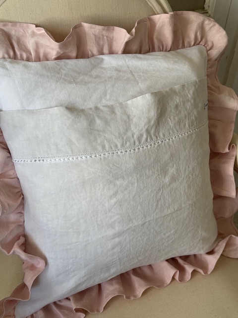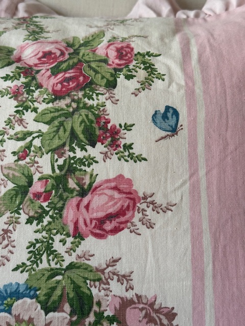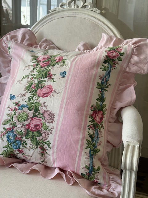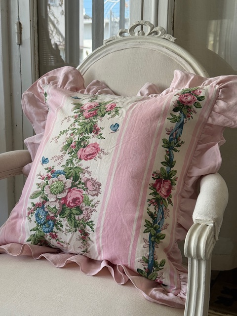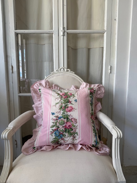 1900年初頭のフランスアンティークファブリックを贅沢に使用したフリル付きのクッションカバーです。
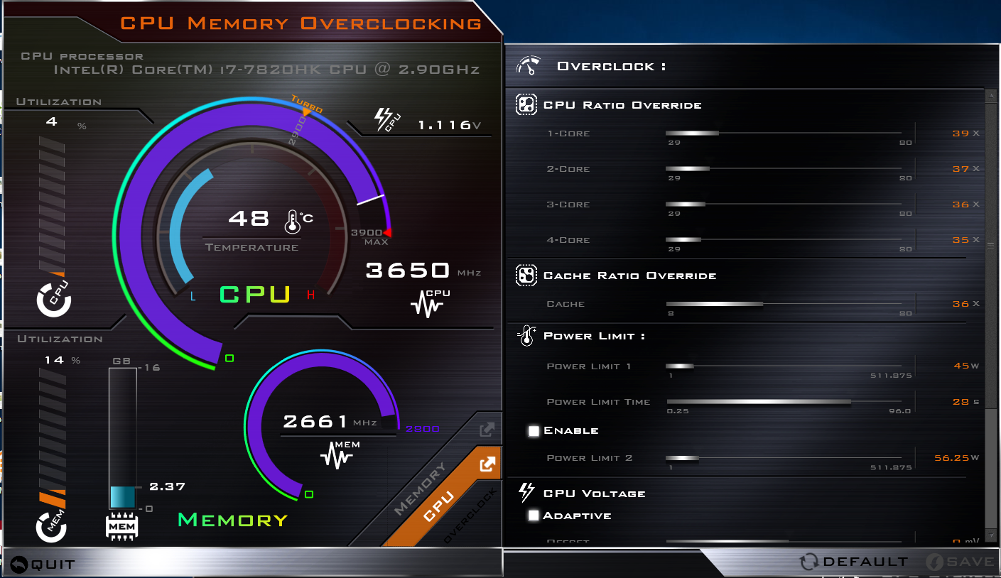 Obwohl sich die CPU auch auf klassischem Weg über das BIOS-Setup übertakten lässt, bietet Clevo anders als andere Hersteller keine moderne grafische Oberfläche zum Übertakten via BIOS an.
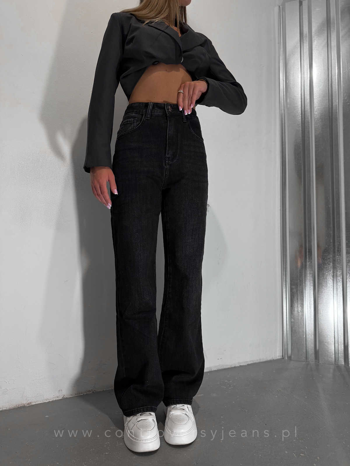 Szerokie jeansy flare to trend, który wraca w wielkim stylu – nadają sylwetce lekkości, a ich luźny krój zapewnia swobodę ruchu. Wysoki stan modeluje talię i podkreśla kobiece kształty, tworząc piękną linię nóg. Ten fason to doskonały wybór zarówno do codziennych stylizacji, jak i bardziej eleganckich zestawów.
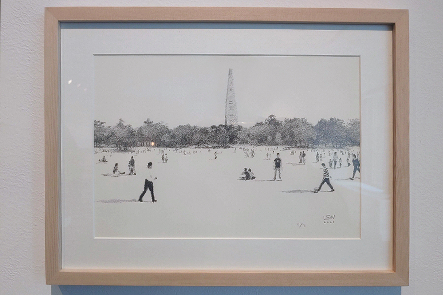 작품에 유리가 씌워져서 뒤가 많이 비칩니다.
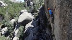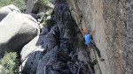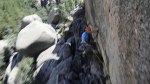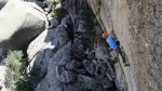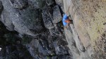 Durante el siguiente largo, un 6b que se me hizo horriblemente duro, siguió lloviendo bastante.. pero poco a poco la tormenta se fue alejando. Tuvimos mucha suerte de que la tormenta hiciera ese cambio de rumbo a última hora, ya que no sólo nos habría puesto las cosas dificiles durante el resto de escalada, si no que el camino de descenso era a través de un barranco, muy ancho al principio pero bastante angosto en algunos tramos a partir de ahi.
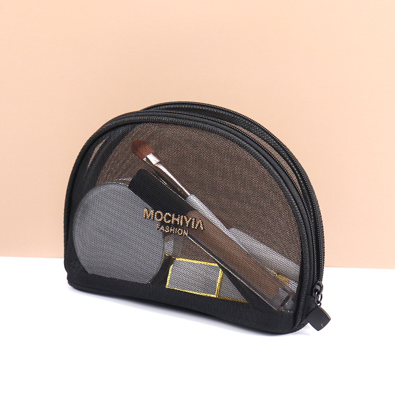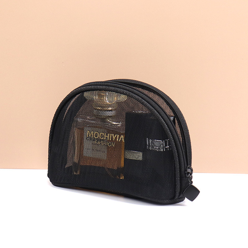 공장 현장 공급 여행 저장 반원형 화장품 가방 공장 도매 온라인 상점 뜨거운 판매 더블 레이어 투명 거즈
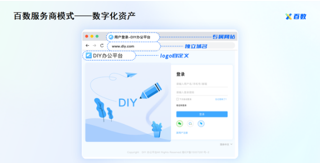 百数服务商模式支持服务商进行域名、logo等品牌化设计,服务商通过品牌建设,可以打造一个在垂直领域同时具备“服务”以及“产品”的低代码平台。而且,不仅如此,为了能让代理商的品牌更具竞争力,在百数还为服务商申请软著提供技术支持。
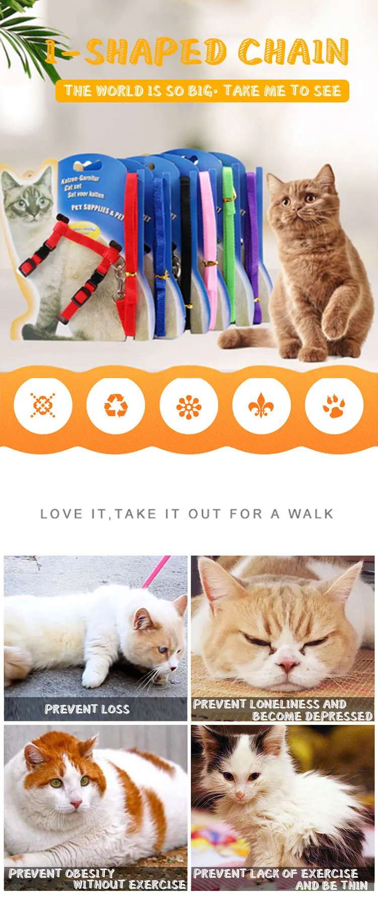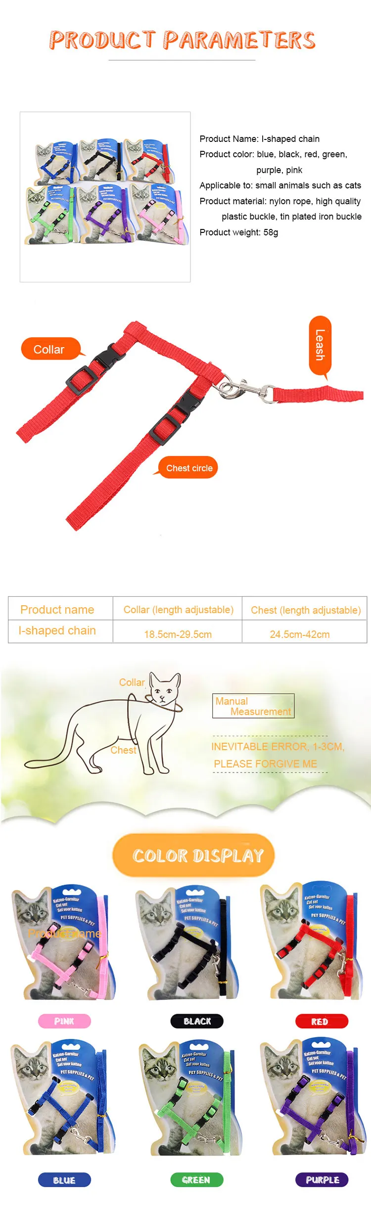 Product Name | Cat Harness and Leash Adjustable Nylon Halter Harness Kitten Nylon Strap Belt Safety Rope Leads |
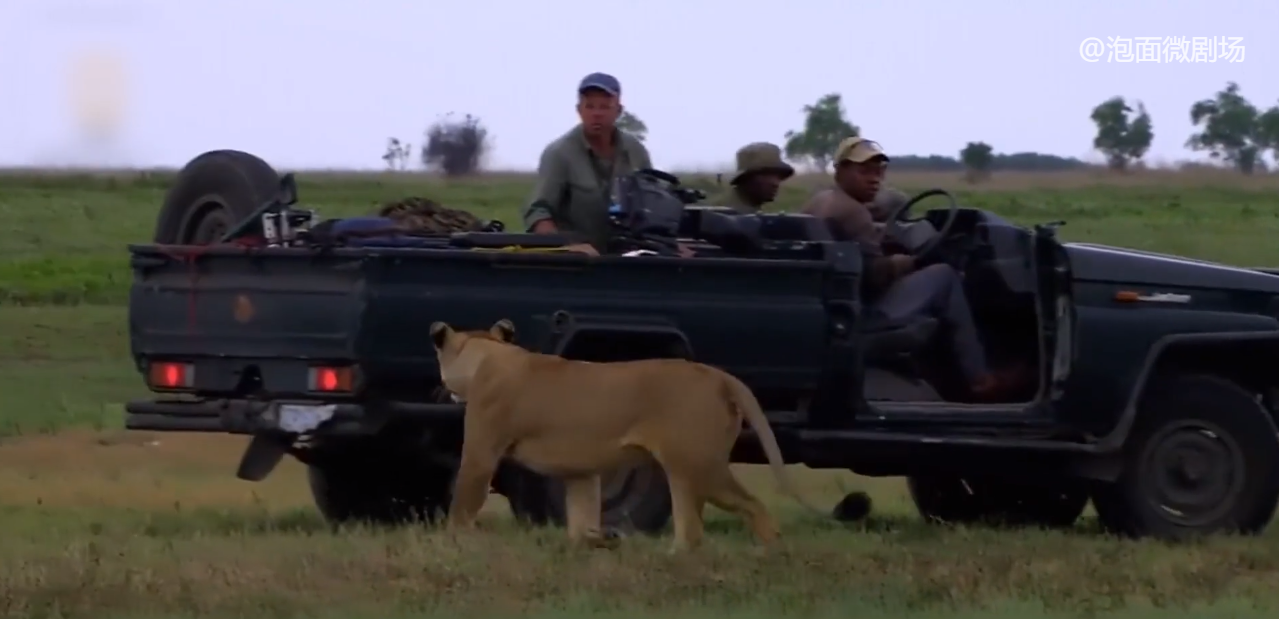 这只狮子躺在摄制组的车子旁边,露出圆圆的肚皮伸手冲着摄影师打招呼,晚上回营地之后 ,它还跟了过来,躺在帐篷外面 ,像个小马达一样打着呼噜,这绝对是非洲大草原上, 最不怕人的野狮,也许是因为单身久了,柳瓦夫人看人类都眉清目秀的,偶尔它在外面散步的时候,都允许摄制组的车子跟在后面,后来, 它对摄影师赫伯特的喜欢,甚至到了撕烂越野车座椅,找存在感的地步。
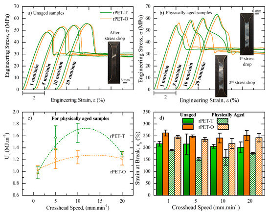Figure 5. Effect of the crosshead speed on the mechanical properties of unaged and physically aged rPET-T and rPET-O: (a,b) engineering stress–strain curves; (c) strain energy density value up to the onset of necking versus crosshead speed, and (d) strain at break values versus crosshead speed.
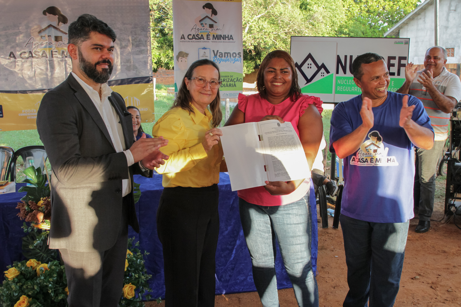“O Nupref foi criado para dar a garantia necessária aos municípios para fazer efetivo aquilo que está em nossa Constituição, o respeito, a dignidade, a moradia. Mas efetivar o direito à moradia é um processo complexo que depende da união de esforços de vários entes e da população. O papel do Judiciário não é apenas julgar processos, é promover a garantia de direitos, buscando a transparência para que o cidadão possa escrever uma nova história em sua vida”, destacou Juiz Wellington na solenidade de entrega dos títulos.
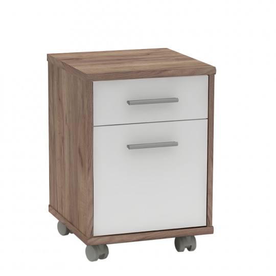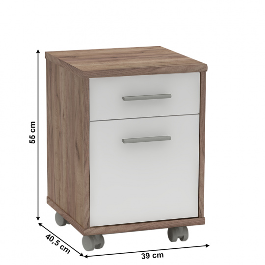 Kancelářská sestava JOHAN 2 NEW Materiál: DTD laminovaná Barva: kraft dunkel/bílá Rozměry psacího stolu (ŠxHxV): 150x67,5x73,5 cm Rozměry psacího stolku s vysouvací částí (ŠxHxV): 100x67,5x73,5 cm Rozměry rohového stolku (ŠxHxV): 67,5x67,5x73,5 cm Rozměry kontejneru (ŠxHxV): 39x40,5x55 cm Rozměry z nízkého regálu (ŠxHxV): 72,5x33,8x115,5 cm Rozměry z vysokého regálu (ŠxHxV): 72,5x33,8x186 cm Rozměry skříně (ŠxHxV): 72,5x33,8x186 cm Tloušťka materiálu: 16/22 mm ABS hrany Slovenský výrobek Dodávané v demontu

________________________________________

Required action:
Please return exactly the lines above, from where the listing starts to the line holding "Figure 5. Effect", inclusive, with the pictures omitted.

Task result:
 1900年初頭のフランスアンティークファブリックを贅沢に使用したフリル付きのクッションカバーです。
 Obwohl sich die CPU auch auf klassischem Weg über das BIOS-Setup übertakten lässt, bietet Clevo anders als andere Hersteller keine moderne grafische Oberfläche zum Übertakten via BIOS an.
 Szerokie jeansy flare to trend, który wraca w wielkim stylu – nadają sylwetce lekkości, a ich luźny krój zapewnia swobodę ruchu. Wysoki stan modeluje talię i podkreśla kobiece kształty, tworząc piękną linię nóg. Ten fason to doskonały wybór zarówno do codziennych stylizacji, jak i bardziej eleganckich zestawów.
 작품에 유리가 씌워져서 뒤가 많이 비칩니다.
 Durante el siguiente largo, un 6b que se me hizo horriblemente duro, siguió lloviendo bastante.. pero poco a poco la tormenta se fue alejando. Tuvimos mucha suerte de que la tormenta hiciera ese cambio de rumbo a última hora, ya que no sólo nos habría puesto las cosas dificiles durante el resto de escalada, si no que el camino de descenso era a través de un barranco, muy ancho al principio pero bastante angosto en algunos tramos a partir de ahi.
 공장 현장 공급 여행 저장 반원형 화장품 가방 공장 도매 온라인 상점 뜨거운 판매 더블 레이어 투명 거즈
 百数服务商模式支持服务商进行域名、logo等品牌化设计,服务商通过品牌建设,可以打造一个在垂直领域同时具备“服务”以及“产品”的低代码平台。而且,不仅如此,为了能让代理商的品牌更具竞争力,在百数还为服务商申请软著提供技术支持。
 Product Name | Cat Harness and Leash Adjustable Nylon Halter Harness Kitten Nylon Strap Belt Safety Rope Leads |
 这只狮子躺在摄制组的车子旁边,露出圆圆的肚皮伸手冲着摄影师打招呼,晚上回营地之后 ,它还跟了过来,躺在帐篷外面 ,像个小马达一样打着呼噜,这绝对是非洲大草原上, 最不怕人的野狮,也许是因为单身久了,柳瓦夫人看人类都眉清目秀的,偶尔它在外面散步的时候,都允许摄制组的车子跟在后面,后来, 它对摄影师赫伯特的喜欢,甚至到了撕烂越野车座椅,找存在感的地步。
Figure 5. Effect of the crosshead speed on the mechanical properties of unaged and physically aged rPET-T and rPET-O: (a,b) engineering stress–strain curves; (c) strain energy density value up to the onset of necking versus crosshead speed, and (d) strain at break values versus crosshead speed.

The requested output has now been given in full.